Just a ready-to-use full version, based on @lucanLepus's accepted answer.
Let's say I am userA
, and I want to totally remove folder from history media/1 Juno-Trumpet/
(which is not present anymore in latest commits, but in far past commits) from the repo on Github.
NB: this particular repository has original branches master
, sfz
, and wifi
, and tag v1.0
. To avoid needing to know this, I use a mirror clone here (which makes a bare repository, which is fine since I will use an index filter). Then, since this is GitHub, I toss all the refs/pull/
refs first.
As it turns out, the files are also named media/Juno-Trumpet/
and media/Juno/
, so we need to remove all three path names.

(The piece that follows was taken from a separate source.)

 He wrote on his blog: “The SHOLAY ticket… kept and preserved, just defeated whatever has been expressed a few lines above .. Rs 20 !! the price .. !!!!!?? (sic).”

git clone --mirror https://github.com/alexmacrae/SamplerBox.git
cd SamplerBox.git
git for-each-ref --format="git update-ref -d %(refname)" refs/pull | sh
git for-each-ref # to check that we have only wanted refs left
git count-objects -vH # size-pack: 54.40 MiB
git filter-branch --index-filter 'git rm -r --cached --ignore-unmatch "media/1 Juno-Trumpet" media/Juno-Trumpet media/Juno' --prune-empty --tag-name-filter cat -- --all
The filter-branch step takes a short while and ends with:
Ref 'refs/heads/master' was rewritten
Ref 'refs/heads/sfz' was rewritten
Ref 'refs/heads/wifi' was rewritten
WARNING: Ref 'refs/tags/v1.0' is unchanged
v1.0 -> v1.0 (7ec3254d08b65fd3ca8a048cef60b5b2c75f7e11 -> 7ec3254d08b65fd3ca8a048cef60b5b2c75f7e11)

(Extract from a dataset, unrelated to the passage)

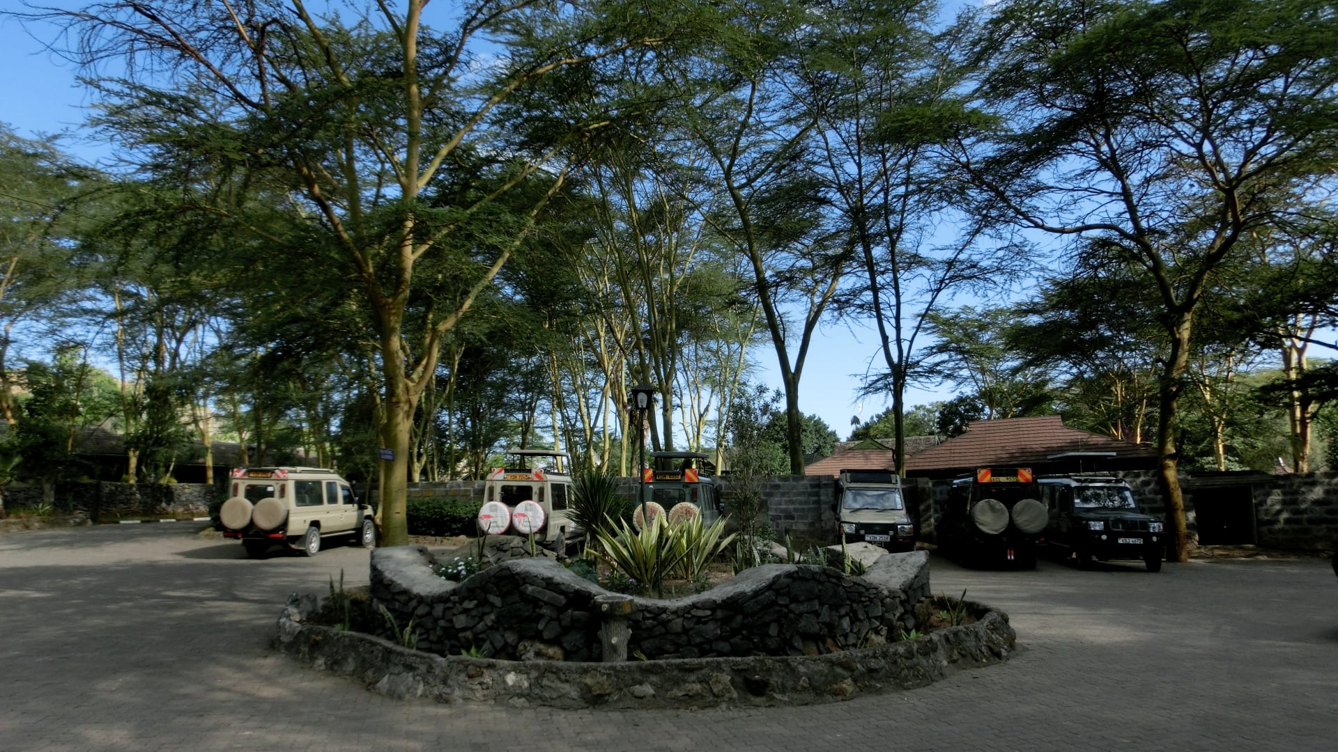 Parkplatz für die Safarifahrzeuge vor der Lodge

(This last line indicates that the one tag in the repository comes before any of the rewritten commits, i.e., we did not need --tag-name-filter cat
after all.)
Now we must remove the refs/original/
names. Since this is a fresh clone, there are no reflogs to expire, but we'll do that anyway, and then repack with git gc
:
git for-each-ref --format="git update-ref -d %(refname)" refs/original | sh
git reflog expire --expire=now --all
git gc --prune=now --aggressive
git count-objects -vH # size-pack: 1.41 MiB
I have not done this last step:
git push origin '+refs/*:refs/*'
(and if you're really sure you want all the media files totally gone, you might want to clean out all the pull requests as well, since they will retain them for a while otherwise).

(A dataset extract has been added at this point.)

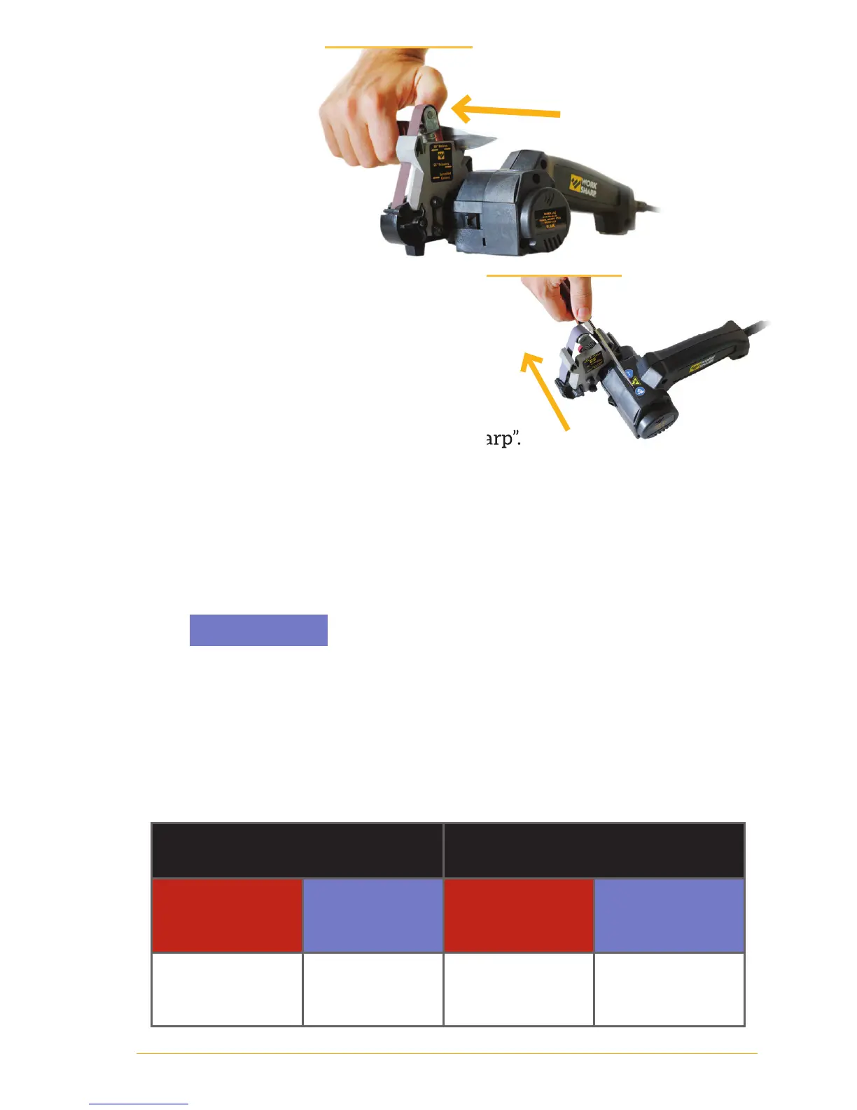 NOTE: When re-sharpening, use the red belt until you raise a burr

Incidentally, I found the files under the three names using:
git cat-file --batch-all-objects --batch-check | sort +2 -rn | head
to find relatively large files, followed by:
git rev-list --all | while read ref; do
git ls-tree -r $ref | grep 477145c7d0190f4e0aeea0f7bfb9accbf2c1ba48;
done | sort -u
(477145c7d0190f4e0aeea0f7bfb9accbf2c1ba48
is one of the big .wav
files. I did not check to see whether all the files removed are .wav
files and whether any other .wav
files remain.)